An excellent opposite to Vol’jin in many ways. Humans and trolls have been at odds with one another all through out Azeroth’s history. But Stackpole takes the opportunity to utilize Pandaria’s iconic local, Taran Zhu, to bring them to a harmonious balance.
“Because they are of a balance. Your troll, from what little you have mentioned and the fact that he is a shadow hunter, doubtless is of Tushui. This other, the man who every day goes up the mountain a bit farther, then returns, is of Huojin. One is Horde; the other is Alliance. They would, by nature, oppose each other, and yet it is this opposition that unites them and gives them meaning.”

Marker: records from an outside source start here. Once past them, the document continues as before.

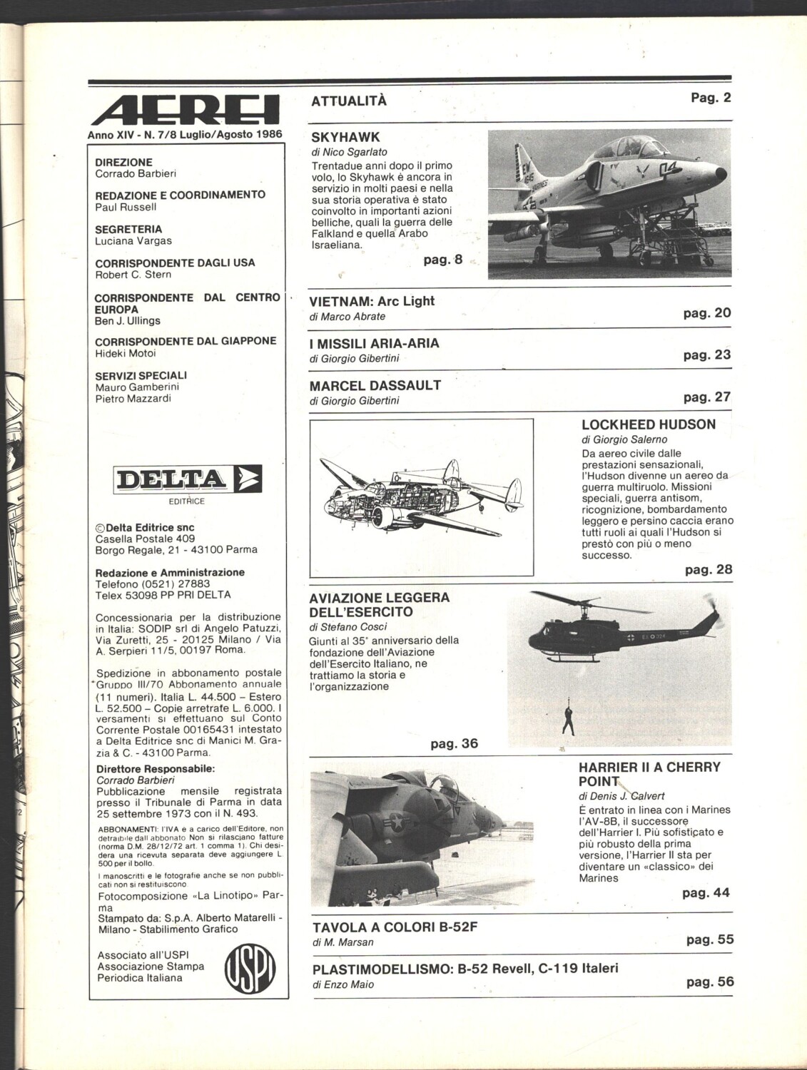 | Titolo: | Rivista Aerei n. 7/8 – Luglio Agosto 1986 – In copertina AV-8B Harrier II ed. Delta |
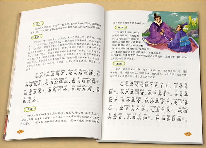 《大学》为孔子弟子曾参(前505—前434)作。原本是《礼记》中一篇,在南宋前从未单独刊印。自唐代韩愈、李翱维护道统而推崇《大学》(与《中庸》),至北宋二程百般褒奖宣扬,甚至称,《大学》,孔氏之遗书而初学入德之门也”,再到南宋朱熹继承二程思想,便把《大学》从《礼记》中抽出来。 《中庸》一般认为它出于孔子的孙子子思(前483-前402)之手。原来也是《礼记》中一篇,在南宋前从未单独刊印。《史记·孔子世家》称“子思作《中庸》”。自唐代韩愈、李翱维护道统而推崇《中庸》(与《大学》),至北宋二程百般褒奖宣扬,甚至认为《中庸》是“孔门传收授心法”。
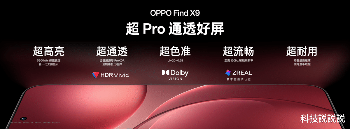 暗光也护眼,全天都通透。OPPO Find X9 的这块护眼好屏的显示素质同样出色:3600nit 超高亮度配合太阳显示技术,确保画面清晰可见;全链路原彩 ProXDR 和杜比视界,带来鲜活生动的色彩表现;120Hz 高刷并覆盖晶盾玻璃,同时支持湿手触控,兼顾流畅触感与耐用性。OPPO Find X9系列的 1nit 明眸护眼屏,以顶级显示素质、满级护眼表现,斩获包括首个莱茵护眼金标在内的 8 大权威认证。
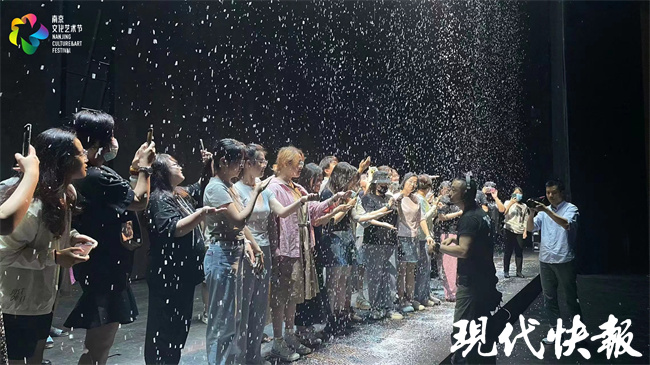 现代快报讯(记者 裴诗语)舞台上,时而雪花纷纷扬扬,时而火焰熊熊燃烧……6月16日,舞台剧《觉醒年代》在开演前举办了一场舞台导览活动。50名观众走上舞台,沉浸式体验了剧中演出场景。
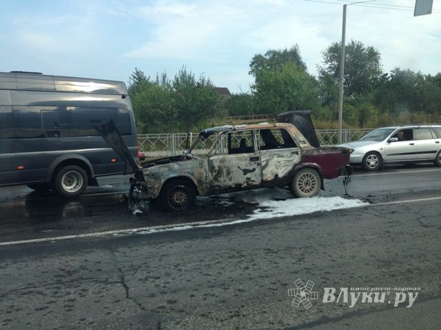 Как сообщили Интернет-порталу ВЛуки.ру в пресс-службе ГУ МЧС области, в тот вечер супруги, заправив бытовой газовый баллон, возвращались домой. Ожидая на светофоре, водитель попытался закурить: два раза чиркнул зажигалкой, как неожиданно возникло пламя. Супруги только и успели быстро покинуть машину, а мужчина еще и попытался откатить транспортное средство ближе к обочине (ведь все это происходило прямо на проезжей части!). Машину быстро охватило пламя, и сделать это ему не удалось. Вызвали пожарную охрану. Для ликвидации последствий пожара были привлечены отделения пожарной части № 1 г. Пскова. Огнеборцы добрались до места за шесть минут. На момент их прибытия автомобиль «Ваз-2107» горел открытым огнем, шел густой черный дым. Пожарные подали два ствола: «ГПС-600» - на тушение пламени, а «Б» - на охлаждение газового оборудования. Также пожарные извлекли и перенесли на безопасное расстояние газовый баллон – для предотвращения взрыва. Огнеборцы израсходовали пятьдесят литров пенообразователя. Горение было локализовано к 18:04, ликвидировано в 18:18, полностью работы были завершены в 18:23. Тем не менее машину спасти не удалось. Хозяева транспортного средства получили ожоги, к счастью, остались живы.

Balance within each character, a balance between characters, and balance between actions. It is to remind readers that there is a balance to everything in life no matter the point in time and achieving the desired end without ego or a need for victory.
But balance isn’t the only lesson to be learned by Vol’jin. As the Darkspear leader slowly recovers in the first ten chapters and works on balance within, a familiar opposition appears to him in a vision and threatens the peace of Pandaria. The time for him to make a choice that is true to himself and best for his people ramps up until the final bloody conclusion.
Vol’jin Shadows of the Horde picks up from the familiar spot most Warcraft players left off after the scenario, Dagger in the Dark. I feel it tells his struggles well without too much information missing when patch 5.4 will launch and still manages to remain as an excellent standalone regardless. Current Warcraft lore-nuts will not be disappointed.
Previous Warcraft books I’ve read have not been a true singular book, but I feel secure enough to say that even non-Warcraft players would be able to understand and enjoy. Minor historical parts are briefly covered that could perk the interest of further reading (listed in the back) but the new development will certainly be enough to not cause new readers to be lost.
I definitely recommend this novel if you are preparing for the Siege of Orgrimmar to better understand just why the Rebellion has ramped up in Durotar for both Horde and Alliance.
Special thank you to the World of Warcraft community manager team for gifting the novel.